== Work required ==
The entire listing below is to be written out exactly, minus the pictures.

== Data ==
────────

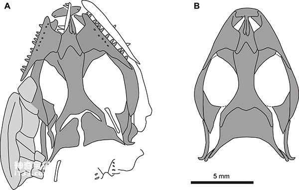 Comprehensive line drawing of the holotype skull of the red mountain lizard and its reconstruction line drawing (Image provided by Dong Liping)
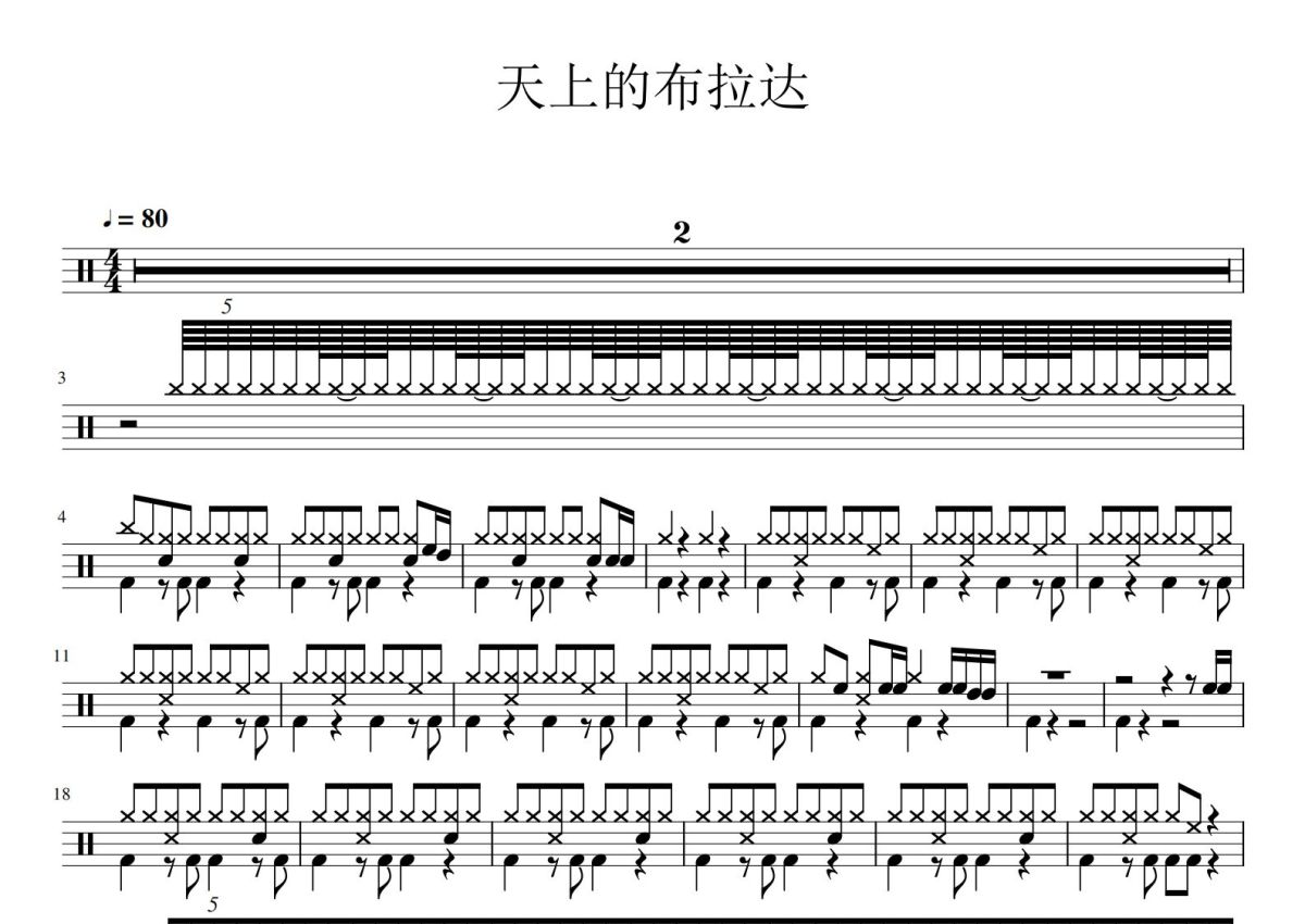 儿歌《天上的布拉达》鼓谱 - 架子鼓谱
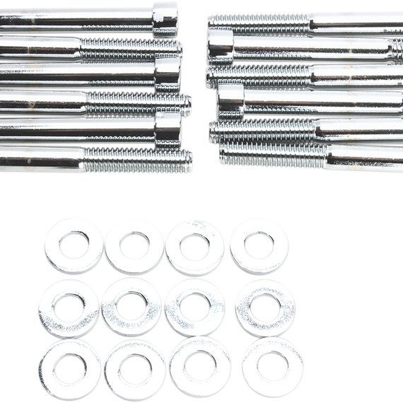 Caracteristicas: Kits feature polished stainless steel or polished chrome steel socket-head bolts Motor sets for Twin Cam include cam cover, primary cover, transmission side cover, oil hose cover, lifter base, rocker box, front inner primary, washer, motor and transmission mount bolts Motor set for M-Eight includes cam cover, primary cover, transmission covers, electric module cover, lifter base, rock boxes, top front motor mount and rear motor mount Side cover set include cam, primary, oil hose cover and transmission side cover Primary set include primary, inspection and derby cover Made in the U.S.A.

────────

== Answer section ==
 Comprehensive line drawing of the holotype skull of the red mountain lizard and its reconstruction line drawing (Image provided by Dong Liping)
 儿歌《天上的布拉达》鼓谱 - 架子鼓谱
 Caracteristicas: Kits feature polished stainless steel or polished chrome steel socket-head bolts Motor sets for Twin Cam include cam cover, primary cover, transmission side cover, oil hose cover, lifter base, rocker box, front inner primary, washer, motor and transmission mount bolts Motor set for M-Eight includes cam cover, primary cover, transmission covers, electric module cover, lifter base, rock boxes, top front motor mount and rear motor mount Side cover set include cam, primary, oil hose cover and transmission side cover Primary set include primary, inspection and derby cover Made in the U.S.A.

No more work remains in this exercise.